The full network has tens of thousands of connectors — one for every pair of sources — but for aesthetic reasons I filtered out all but the 30 strongest for each node. No doubt there are other ways of filtering out edges, but this method proved effective, and it made little difference to the overall shape of the network. I also filtered out any sources that had fewer than 10 articles in my corpus, leaving me with just 178 sources.

The sources in Figure 3 are coloured according to the state or territory to which the sources pertain. National sources, such as The Australian or the ABC News, are coded ‘AUS’. When interpreting all that follows, it’s important to know that the topics by which the similarity of these sources has been measured contain no explicit geographic information. Prior to running the topic model, I stripped out every place name, and for that matter every other kind of name as well (although a few slipped through, like Lock the Gate and Northern Rivers). So the textual content that the topics describe is strictly conceptual rather than nominal. In other words, I did all I could to remove the Where dimension from this analysis.

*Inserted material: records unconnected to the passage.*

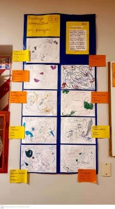 Todo nuestro crecimiento, compromiso y motivación se ve reflejado en las aulas. Por ejemplo Gabriela Machado y Viviana Domínguez, maestras de Primaria animaron a sus alumnos a dibujar en parejas siguiendo líneas y armaron una obra con título que hoy se puede ver expuesta en los pasillos del colegio. Un proceso enmarcado en la enseñanza de la Educación Sexual Integral y Prácticas del Lenguaje en el que los sentimientos, la creatividad, el compañerismo y la unión fueron los grandes protagonistas.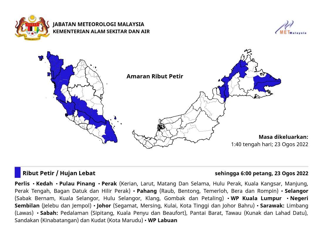 Amaran Ribut Petir 23/08/2022 1340 PM Norbazliah Cuaca 23 August 2022 Hits: 325 Rating: ( 0 Rating ) Please Rate Vote 1 Vote 2 Vote 3 Vote 4 Vote 5 Lihat / Muat Turun JPG Facebook Twitter Prev Next
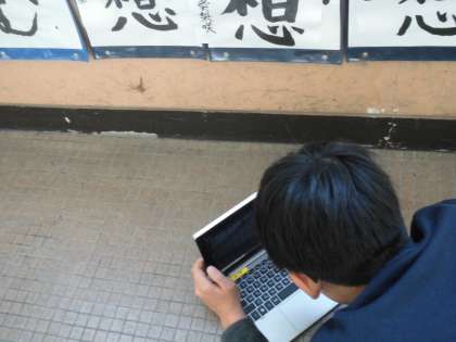 休み時間に、教室にあらわれたクモをタブレットを使って観察している人がいました。随分熱心に見ていますね。

And yet, the Where has found its way back again. Much of the network is clearly structured along geographic lines, as you can tell from the areas of uniform colouring. This should not be surprising. I’ve been saying all along that the discourse on coal seam gas is defined by geography. Still, I was a little spooked by how strong an influence geography has exerted here.

Divide by five

In order to explore the structure of the network more closely, I’ve coloured the nodes in Figure 4 according to their membership of five modularity classes, or communities, which I detected using Gephi’s modularity tool. Modularity is a standard measure for detecting communities in networks. The idea is that members of a community are more similar to one another than to the other nodes in the network. The number of communities detected by the algorithm is somewhat arbitrary. If I’d changed the resolution threshold of the algorithm, I could have divided the network into more than five communities. Looking at the topology of the network, it doesn’t take too much imagination to see where further divisions might be drawn.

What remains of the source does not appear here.